When teams start working with clinical text, the default instinct is often to send a note to a large language model and ask it to “extract entities” or “remove PHI.” That works — until you need auditability, consistent labels, offline execution, or HIPAA-aligned de-identification.

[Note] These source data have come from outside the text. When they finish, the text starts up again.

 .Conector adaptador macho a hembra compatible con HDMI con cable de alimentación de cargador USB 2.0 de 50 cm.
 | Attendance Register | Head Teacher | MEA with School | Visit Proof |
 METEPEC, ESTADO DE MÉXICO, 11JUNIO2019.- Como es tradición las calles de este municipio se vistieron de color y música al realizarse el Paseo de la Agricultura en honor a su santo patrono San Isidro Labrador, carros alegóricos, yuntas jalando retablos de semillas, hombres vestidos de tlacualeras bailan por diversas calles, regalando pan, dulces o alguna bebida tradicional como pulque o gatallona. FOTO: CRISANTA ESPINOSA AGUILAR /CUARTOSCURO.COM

We ran a controlled experiment comparing three approaches on the same synthetic clinical note:
- OpenMed — purpose-built, local biomedical NER + PII models
- Regex baseline — a common DIY pattern-matching approach
- Generic LLM — a single prompt to a local chat model (Ollama / Llama 3.2 1B)

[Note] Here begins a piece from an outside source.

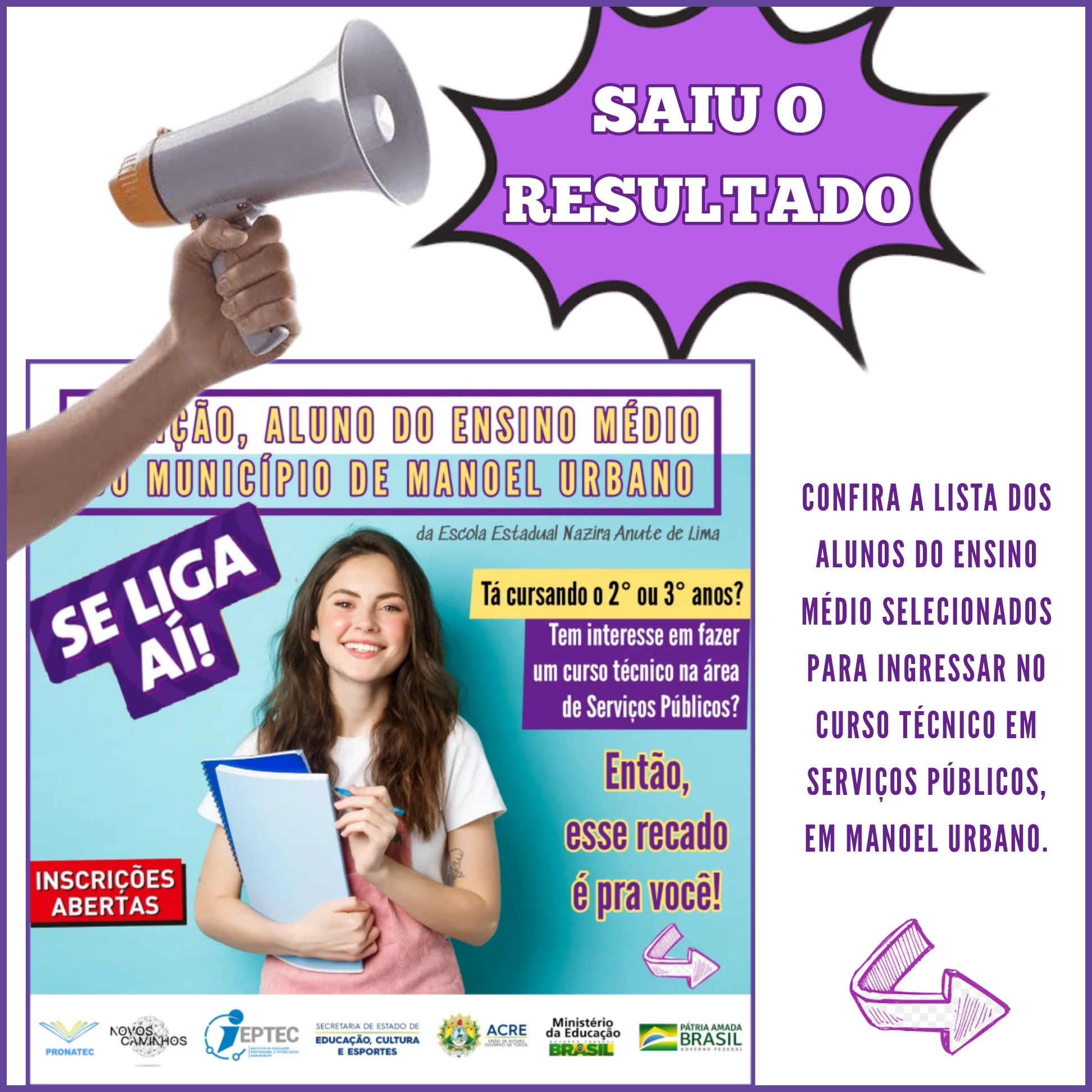 ATENÇÃO, ALUNOS DO ENSINO MÉDIO DO MUNICÍPIO DE MANOEL URBANO!! SAIU A LISTA DE SELECIONADOS PARA O CURSO TÉCNICO EM SERVIÇOS PÚBLICOS!! CONFIRA!

The goal was not to declare a winner on every field, but to show what each approach is actually good at — and where they diverge in ways that matter for production clinical workflows.
Experiment setup
| Parameter | Value |
|---|---|
| Environment | macOS, Python 3.12 (Miniconda) |
| OpenMed version | 1.6.0 (pip install "openmed[hf]") |
| LLM runtime | Ollama (llama3.2:1b), temperature 0, JSON output mode |
| Execution | 100% local — no cloud API calls, no PHI sent off-device |
| Script | Custom comparison script (openmed_comparison/compare.py) |
| First run | ~70s (model downloads from Hugging Face) |
| Cached run | ~7–13s |
All three methods received identical input text.
Test note
Synthetic clinical note used for the experiment (not real patient data):
Patient John Smith (MRN: 12345678, DOB: 03/15/1965, SSN: 123-45-6789)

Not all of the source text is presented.